RESEARCH
New AAOS research shows robotic knee replacement triples patient satisfaction odds and carries no extra infection risk in hip surgery
27 Mar 2026

Robotic surgery has long promised better outcomes. Two new studies suggest it is finally delivering them.
Research presented at the 2026 American Academy of Orthopaedic Surgeons annual meeting in New Orleans found that patients who underwent robotic-assisted total knee replacement were 3.2 times more likely to report satisfaction a year later than those who had conventional surgery. Among patients under 75, satisfaction hit 93.5% in the robotic group versus 84.6% in the conventional one. Quality-of-life improvements followed the same pattern.
The second study tackled the concern that has slowed robotic adoption most: infection risk. Across nearly 32,000 total hip replacement cases, researchers found no meaningful difference in infection rates between robotic or navigated techniques and traditional surgery. Operative time ran about four minutes longer on average, but that gap had no effect on infection outcomes once clinical factors were weighed.
That combination of findings matters.

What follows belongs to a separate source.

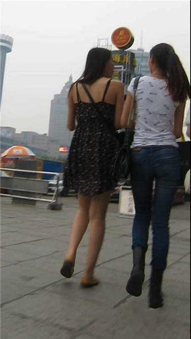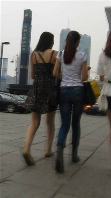 街拍三姐妹逛街,一路有说有笑! 编号3884

Better patient experience and a clean safety record are exactly what hospital administrators and surgical teams need to hear before committing to expensive new technology. The case for robotic joint replacement, once largely theoretical, is now empirical.
The scale behind these numbers adds weight to the argument. Robotic-assisted total joint replacement volumes in the United States climbed more than 600% between 2015 and 2020. That kind of growth means the data reflects real-world conditions, not controlled trials with hand-picked patients. Researchers did caution that high-volume centers may post stronger results than institutions still early in their robotic programs, and that satisfaction data beyond one year remains limited.
Still, for any surgical team counseling a patient on their options, or any CFO staring down a capital budget, the signal from New Orleans is hard to ignore. Robots in the operating room are not just a novelty. They are becoming the standard against which conventional surgery gets measured.